Ubuntu 16.04 LTSから18.04 LTSへのアップグレードは、最初のポイントリリースである「18.04.1 LTS」がリリースされた後にサポートされる予定です。このページでは、アップグレードが正式にサポートされる前に、Ubuntu 16.04 LTS(サーバー版)をUbuntu 18.04 LTSに「先行アップグレード」する方法を解説します。
なお、デスクトップ版の先行アップグレードについては以下の記事を参照してください。
ポイントリリースされても…すぐにはアップグレードできず
7月26日、Ubuntu 18.04 LTSで最初の「ポイントリリース」である「18.04.1」がリリースされました。これにより、近いうちに1つ前の「長期サポート版(LTS)」である「Ubuntu 16.04 LTS」から「Ubuntu 18.04 LTS」へのアップグレードがサポートされるようになるはずです。
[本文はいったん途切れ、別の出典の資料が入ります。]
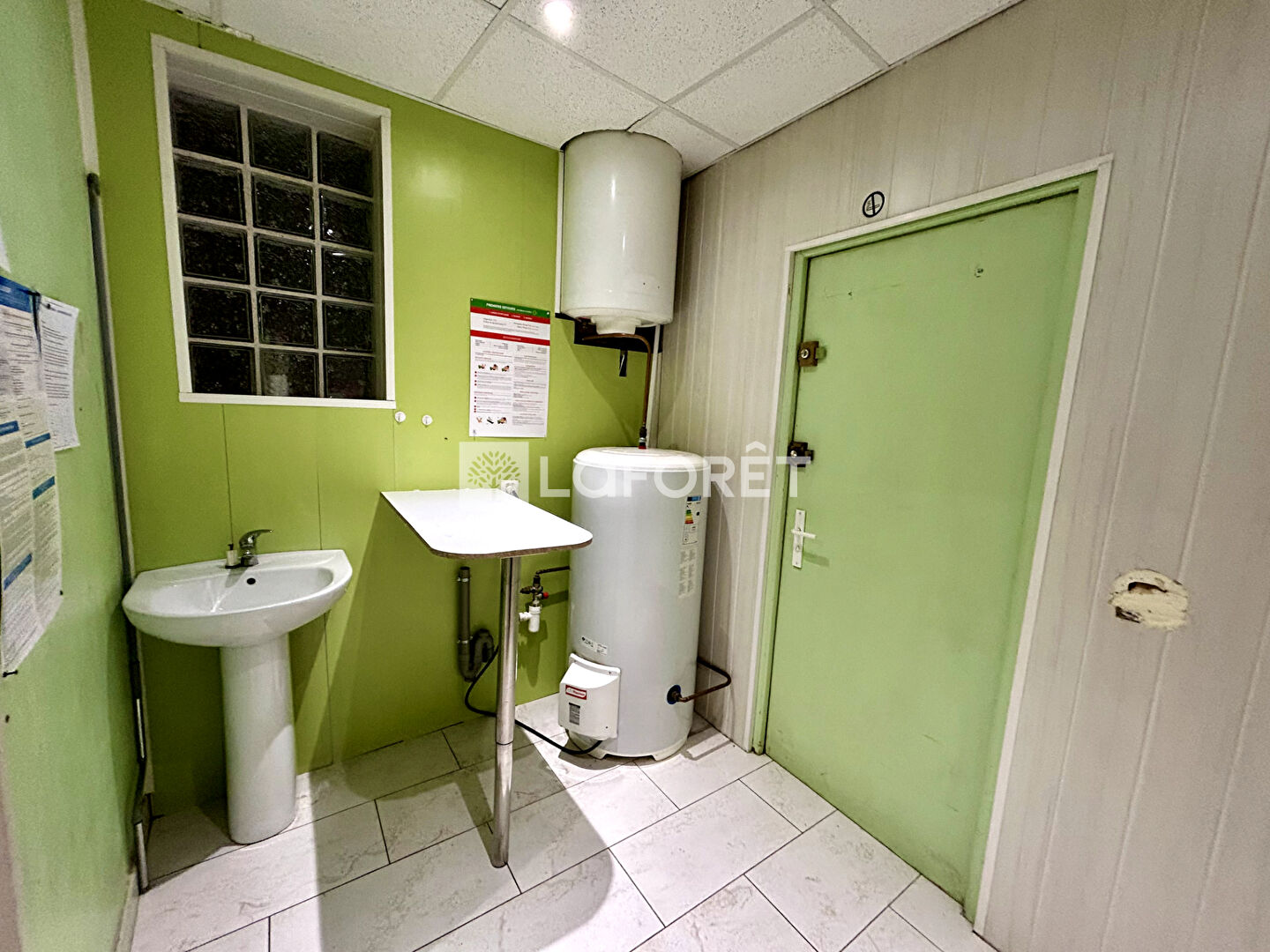 À l'arrière du local, vous trouverez un espace sanitaire, une réserve et une remise.
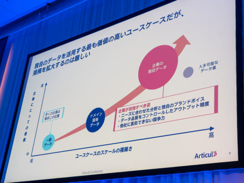 「汎用的な知識を持つモデルは必要ですが、それだけでは十分ではありません。いわば氷山の一角であり、水面下にあるものも気にかけなくてはならないでしょう。企業目線で述べるならば、モデルがデータセットによって学べる内容は、いわば『高校生』レベルと言っていいでしょう。どのような業種であれ、業務レベルでAIを活用するのであれば、それは多少なりとも事業ドメインについての知識がある『大学生』レベルであるべきです。
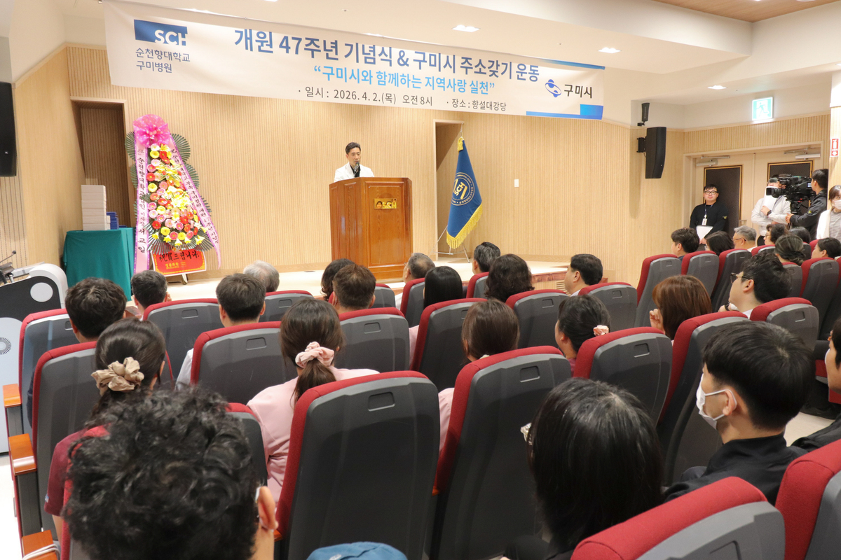 순천향대 구미병원은 2일 본원 향설대강당에서 김장호 구미시장과 김성호 병원장을 비롯한 주요 보직자 및 교직원 150여 명이 참석한 가운데 개원 47주년 기념식을 개최했다.
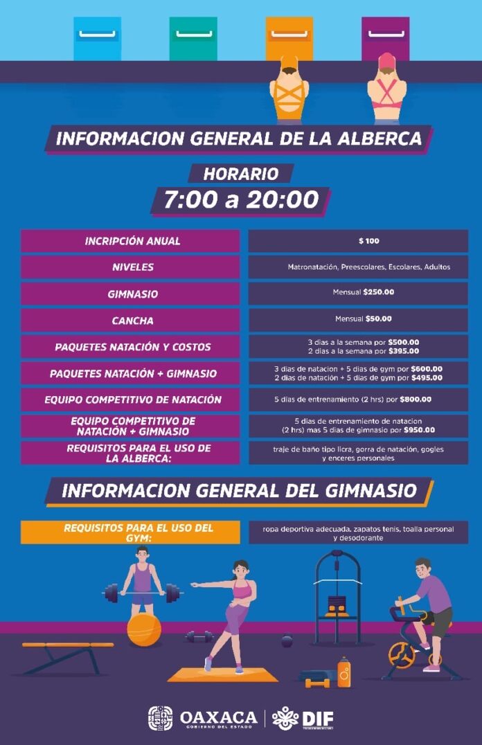 Oaxaca de Juárez, Oax., 7 de mayo de 2023.- Bajo la premisa de promover el deporte entre las y los oaxaqueños, el Sistema para el Desarrollo Integral de la Familia (DIF) Oaxaca a través del Centro de Rendimiento Deportivo Inclusivo (Credi), invita a las personas interesadas a inscribirse en los paquetes para utilizar la cancha, alberca y el gimnasio del organismo, los cuales ofrecen un horario de atención de lunes a viernes de 7:00 a 20:00 horas.
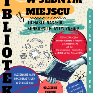 Zastanów się, co dla ciebie znaczy hasło: BIBLIOTEKA – ŚWIAT W JEDNYM MIEJSCU, a następnie przenieś to na papier! Format i technika pracy są dowolne. Zgłoszenia rozpoczynają się dziś i potrwają do 21 maja b.r. Regulamin i karta zgłoszeniowa do pobrania znajduje się poniżej. Prace konkursowe przyjmujemy w kobylińskiej książnicy (ul. Krotoszyńska 49) oraz w Filii Bibliotecznej w Smolicach (Smolice 54a).
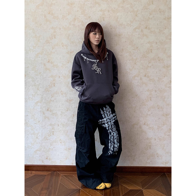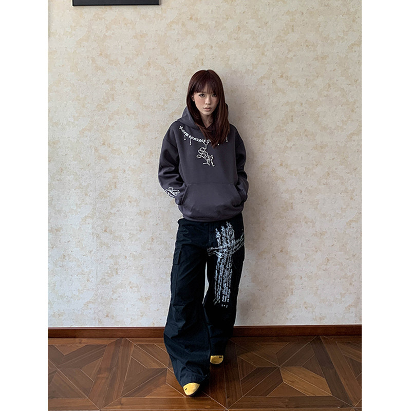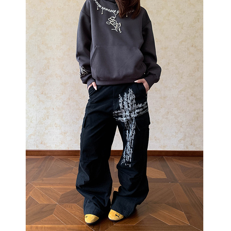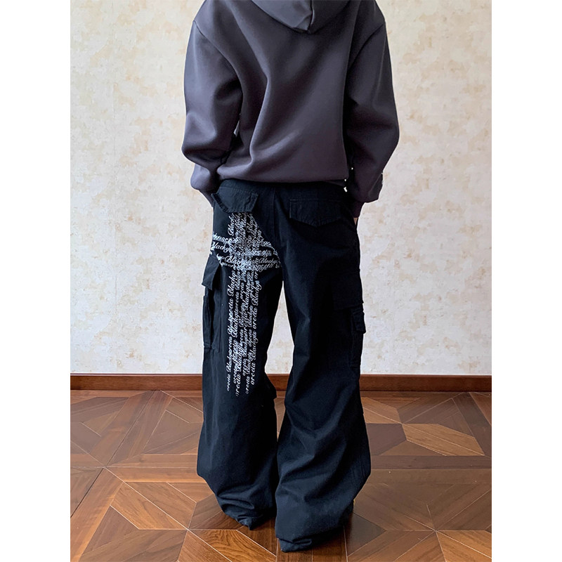 淘宝美式复古多口袋字母印花褶皱工装裤男女街头宽松直筒百搭阔腿裤子
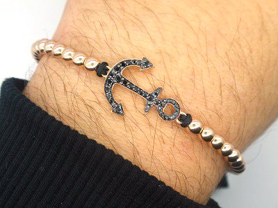 Bracciale Nardelli uomo, oro rosso 18kt a sfere lisce con ancora in diamanti neri, montato con cordino nautico, peso totale delle gemme 0,27 certificati
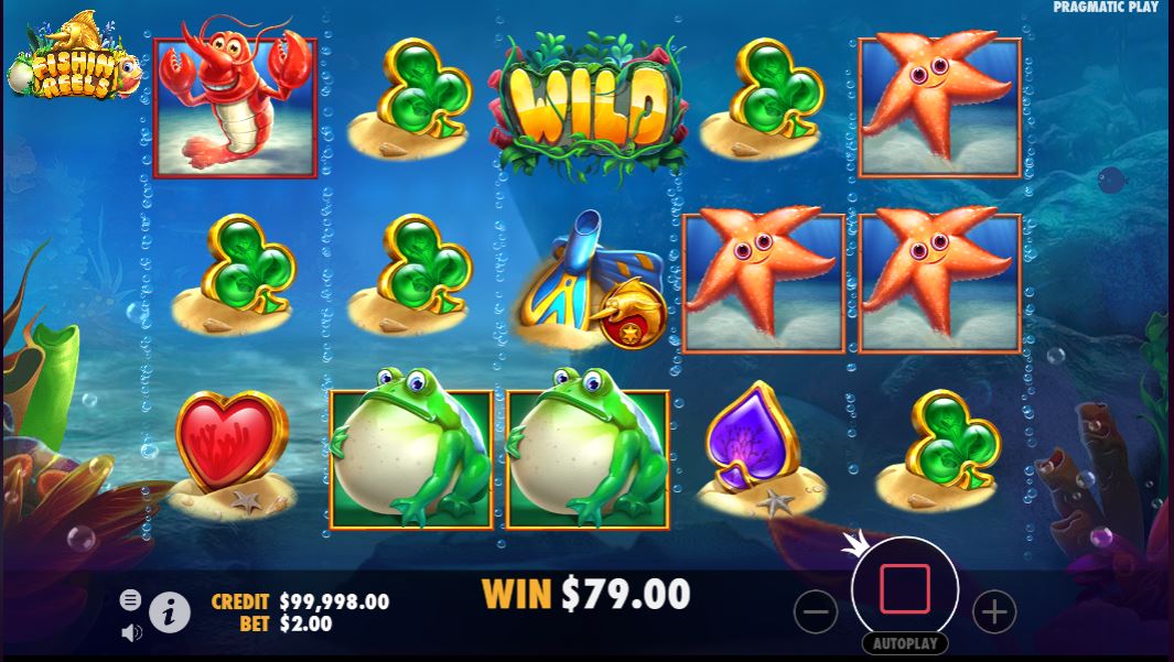 One of the most popular slot machines from Pragmatic Play is Fishin’ Reels. It’s a 3×5 video slot with 10 paylines. An underwater-themed game brings all kinds of fish to the screen. The slot is famous for its bonus round with the Big Catch feature where players can win pure cash.
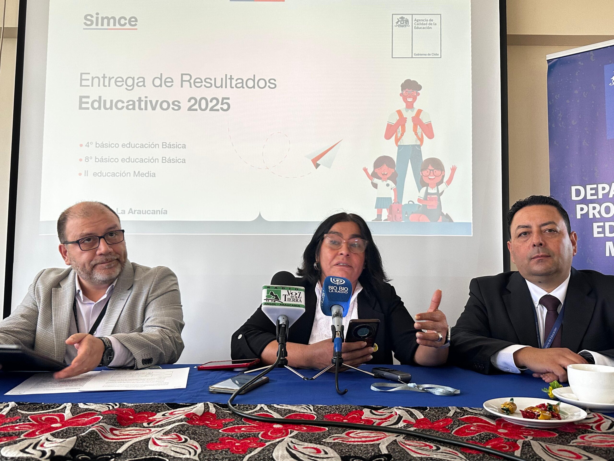 La seremi de Educación, Marcela Castro Armijo, junto al vocero Agencia de Calidad de la Educación Macrozona Sur, Cristian Córdova, dieron a conocer hoy los Resultados Educativos Simce 2025 para La Araucanía, correspondientes a las evaluaciones de Matemática y Lectura en los niveles de 4° y 8° básico, y II medio.
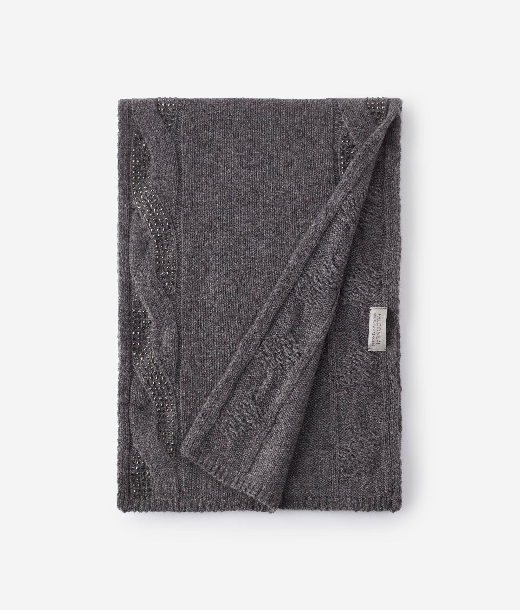 A kifinomult stílus és a minőségi részletek jellemzik ezt a puha Ultrasoft kasmír sálat. Hosszanti fonott mintája egyedi textúrát kreál, a strasszköves díszítés pedig visszafogott csillogást biztosít. A szegélyeken található bordázott kialakítás határozott megjelenést kölcsönöz, ideális egyszerű, de elegáns összeállítások részeként.

しかし8月5日現在、「Ubuntu 16.04 LTS サーバー版」で「do-release-upgrade」コマンドを実行しても以下のように「No new release found.」と表示され、アップグレードはできません。
$ do-release-upgrade
Checking for a new Ubuntu release
No new release found.
長期サポート版をインストールした場合、「do-release-upgrade」コマンドによるアップグレード対象は、デフォルトで「長期サポート版(LTS)」のみとなっています。通常リリースは対象外です。これは、「/etc/update-manager/release-upgrades」に設定されています。内容は以下の通りです。変更することも可能です(後述)。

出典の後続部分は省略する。